Banking News 2015
The common knowledge for many investors is that bank stocks perform very well when central banks increase sovereign interest rates. However, as the year showed, bank stocks only appreciate if interest rates are hiked and the economy itself is improving overall. But it is a matter of opinion whether the global economy is on the up or not.
Many analysts state that we are in stuck in a circle. But what the pundits are missing is that the present bubble is about that banks are over-leveraged. Prolonged period of record-low interest rates allowed companies to take on unbelievable amounts of debt to fuel growth, and many are struggling already. And when interest rates increase, servicing debt becomes near-impossible. If we touch upon the growth aspect, not many industries have grown on a proper level. There is a lack of growth in wages and consumers are hesitant to spend.
The primary reason it is so complicated for the banking industry is that not many of us have lived through a deflationary period. And deflation is never a positive thing for financial stocks. Investing in the best financial companies in small amounts can be rewarding over the long time-frame, especially if you reinvest dividends.
Banking News 2015: a list of top-performing banking sector companies of 2015.
Bank of America Corp. has been a battle ground for investors.
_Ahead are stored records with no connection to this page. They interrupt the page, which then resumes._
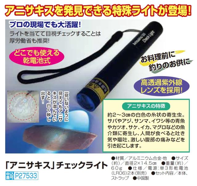 「アニサキス」チェックライト 乾電池式 高透過紫外線レンズ 電池式 omu p27533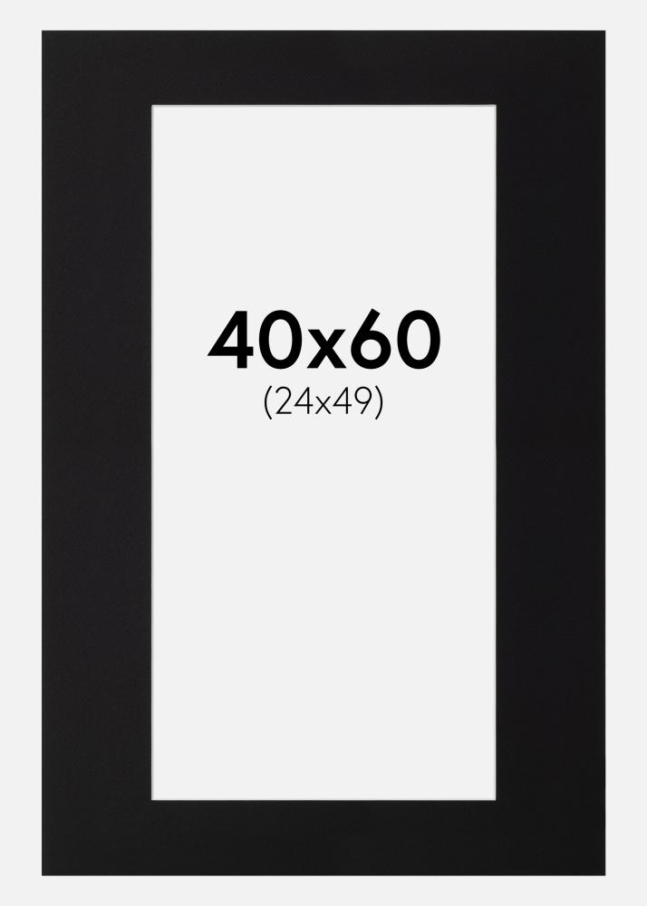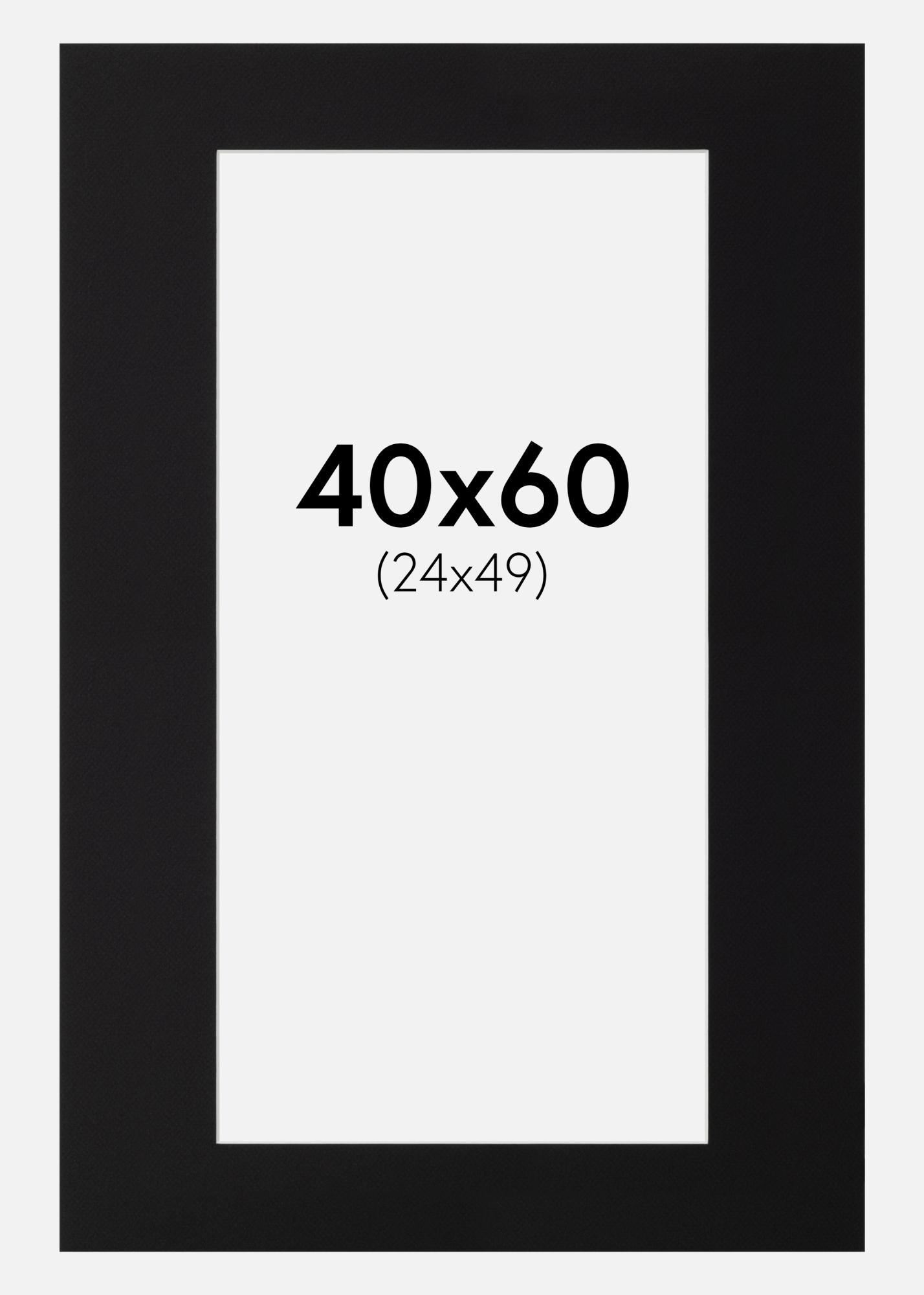 This elegant black mat is the perfect choice for giving your pictures and artworks a stylish framing. With a beveled inner edge and a white core, a subtle contrast effect is created that adds depth and elegance to your subject. The mat is designed to fit images sized 25x50 cm, while the outer dimension is 40x60 cm, making it ideal for both modern and classical framings.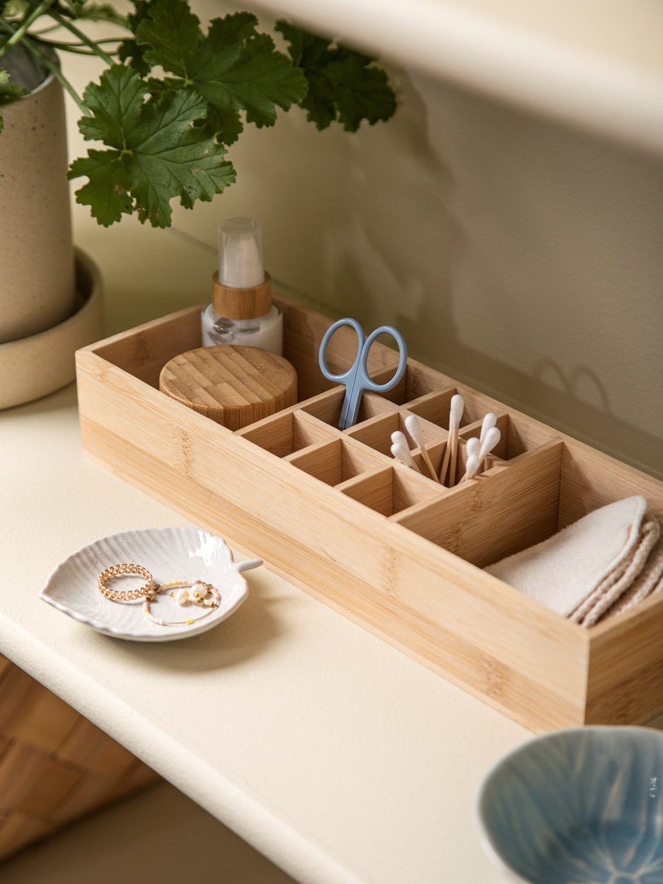 "Organising can be a delightful task," Anna says, arranging her jewellery in a wooden storage tray. Clara nods, adding, "In the bathroom, it brings order to small essentials, creating a serene space."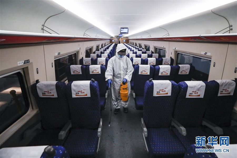 4月7日,武漢動(dòng)車段運(yùn)用車間工作人員周明輝在給列車消毒。新華社記者 沈伯韓 攝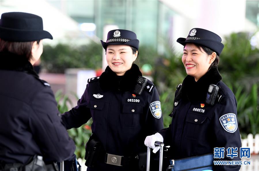 1月29日,合肥铁路公安处乘警支队女警谢肖鹏(中)、周丹琳(右)在合肥南站与同事交流。新华社记者刘军喜摄
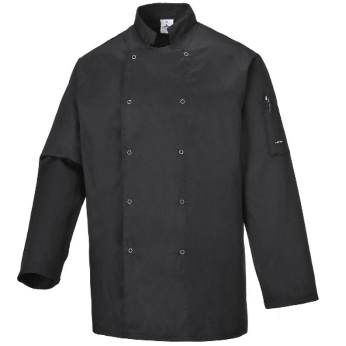 The Portwest Suffolk Chef's Jacket Long Sleeve Black X Large is a modern and stylish take on the traditional chef’s jacket. The long retractable sleeves offer extra protection from any splashes or spills that could cause harm or stain. The material is non-shrinking to ensure that this style maintains its shape wash after wash

The year was full of extreme highs and lows. It has troubles with unsellable foreclosures. On the other hand Bank of America offers a decent yield of 1.20%.
Goldman Sachs Group, Inc. has plenty of of leverage. This is the primary reason it made into this list. There is a reason it managed to survive the previous crisis. Goldman Sachs has a yield of 1.30% that is better than an industry average.
But in 2015 the majority of largest banks were unable to return capital it lent to companies and individuals. The questions have been circling around J.P. Morgan at the end of the year when the bank outperformed first quarter earnings. It seemed that the bank found a way to silence its critics. But in spite of a strong first quarter, J.P. Morgan’s stock closed with losses in 2015.
With the way the financial stocks seem to be falling or staying nearly flat, it is likely that big bank CEOs will have to answer hard questions pretty soon.
Across Atlantic, the Deutsche Bank ranks number 1 in being able to withstand economic malaise. And it yields 3.00%, which is was intriguing opportunity for 2015.
And the bottom line is that you should not be fooled into thinking that hiked interest rates will reverse banking sector's fortunes and will guarantee stock appreciation. We are currently treading dangerous waters. Owing to chronically poor interest rates and deflation many banks struggled to perform well. Nonetheless, bank stocks improved on average 0.25%. That said, the above-mentioned names were the strongest performing banks in 2015 and the ones you should watch with a view for possible investment.